Good question! What you’re seeing—quantized values in the 0 to ~32,000 range when using 16-bit—is expected with Hailo’s quantization. It’s not an issue with the 16-bit mode itself.

Hailo uses unsigned integers for all quantized values. The actual (real) values are recovered using a scale and zero-point (qp_scale, qp_zp). So even though the stored ints are non-negative, the real values can still be negative or symmetric around zero.

Key points:

  • Seeing only positive values in histograms is expected.
  • The real dynamic range depends on the scale and zero-point.
  • You can constrain real output ranges using force_range_out, e.g.:
quantization_param(conv1, force_range_out=[-1.0, 1.0])

This behavior is part of how Hailo’s quantization works—not a bug.

Hope that helps!

Hello @Omria,

Thank you for your quick response.
Our inputs and outputs are as follows:

Inputs:
19 float32 inputs in the range –1 to 1.
Outputs:
Output 1: float32 in the range 0 to 1.1
Output 2: float32 in the range –1.1 to 1.1

Before sending the data, we manually quantized the inputs into a range of 0 to 255, meaning:
0 corresponds to –1
127 corresponds to 0
255 corresponds to 1

After inference, we dequantized the outputs as follows:
Output 1:
0 corresponds to 0
255 corresponds to 1.1

Output 2:
0 corresponds to –1.1
127 corresponds to 0
255 corresponds to 1.1

We want the model to run in 8-bit and ideally also in 16-bit precision.

For running our HEF, we currently use a single input stream and a single output stream. The challenge is that we have two outputs with different value ranges. Does this mean we need separate output streams for each output? If so, how should this be set up?
For calibration, we used realistic simulation data. Based on this, are the zero-point and scaling factors derived automatically?

Below is the architecture of the network:

Hey @Lars_Hofmann,

You do not need to manually handle the 0/127/255 mappings or create multiple vstreams solely because your outputs have different ranges. Here is how it works:

How Hailo Handles Quantization

When you compile your model, the Dataflow Compiler automatically assigns quantization parameters (qp_scale and qp_zp) to each input and output layer in the HEF. The transformations operate as follows:

  • Input (host → device): x_device = x_host / qp_scale + qp_zp
  • Output (device → host): y_host = (y_device - qp_zp) * qp_scale

Handling Different Output Ranges

Each output layer receives its own quantization parameters, so having different ranges such as:

  • Output 1: [0, 1.1]
  • Output 2: [-1.1, 1.1]

is fully supported. The compiler derives separate qp_scale and qp_zp values for each output during calibration. You need separate vstreams only if your HEF contains multiple output tensors—not merely because the ranges differ.
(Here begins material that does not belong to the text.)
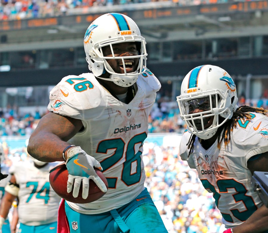 Miami Dolphins’ Damien Williams (28), celebrates with Jay Ajayi (23), after Williams scored a second quarter touchdown against the Pittsburgh Steelers on Sunday, Oct. 16, 2016 at Hard Rock Stadium in Miami Gardens, Fla. (Charles Trainor Jr./Miami Herald/TNS)
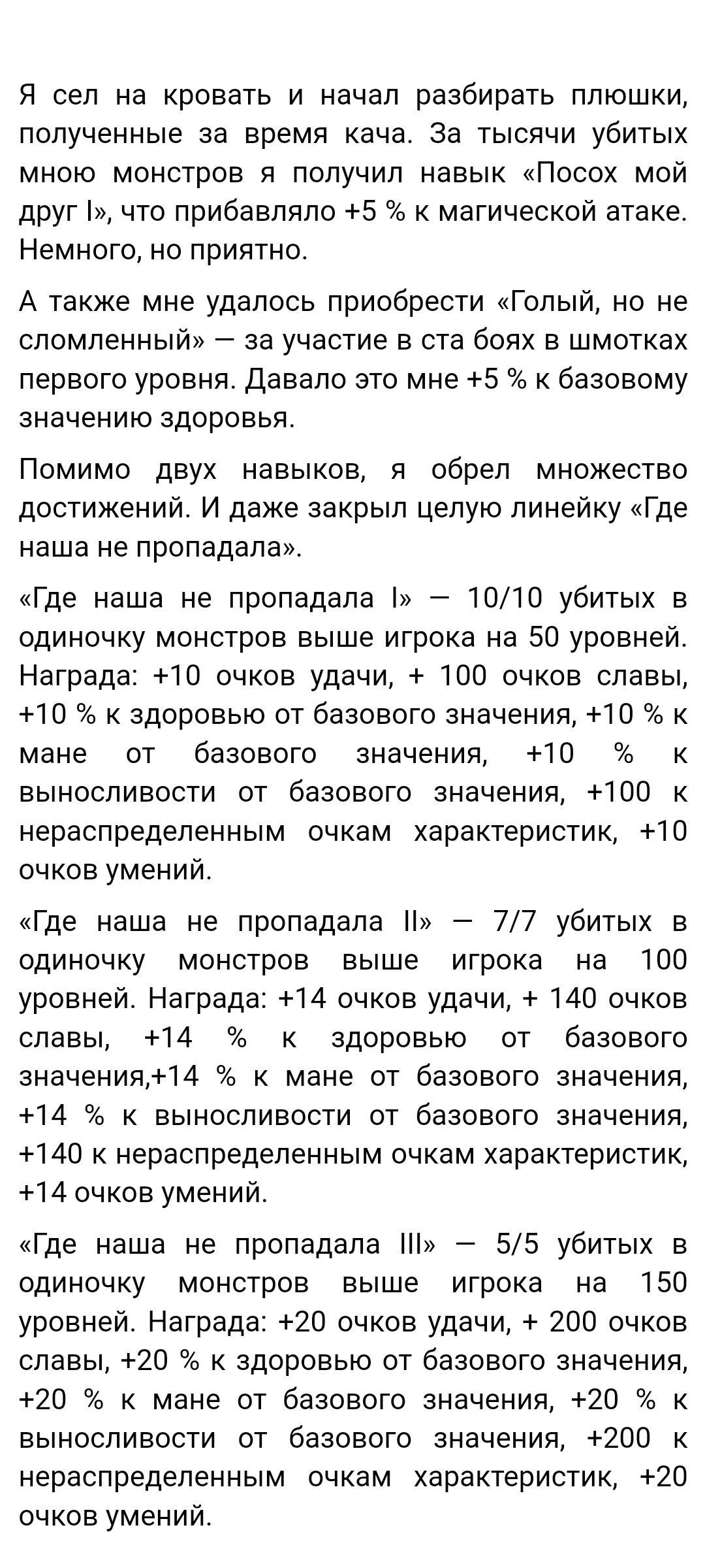 Доброго времени суток, хотел бы спросить у автора, неужели нельзя было достижение уровни и всё остальное касаемо лвл апа героя написать жирным шрифтом и в столбик, как обычно. Блин, фиг разберешь, честно портит удовольствие от чтения.

Recommended Approach for inference

Instead of performing manual mapping, configure your vstreams to use the FLOAT32 format:

hailort::InputVStreamParams in_params;
in_params.format.type = HAILO_FORMAT_TYPE_FLOAT32;

hailort::OutputVStreamParams out_params;
out_params.format.type = HAILO_FORMAT_TYPE_FLOAT32;

This allows you to work with floating-point values in their natural ranges, while HailoRT automatically applies the appropriate quantization parameters.

Optional: Forcing Specific Ranges

If you want to enforce a specific output range during quantization, you can use a model-script command:

quantization_param(output_layer_name, force_range_out=[-1.1, 1.1])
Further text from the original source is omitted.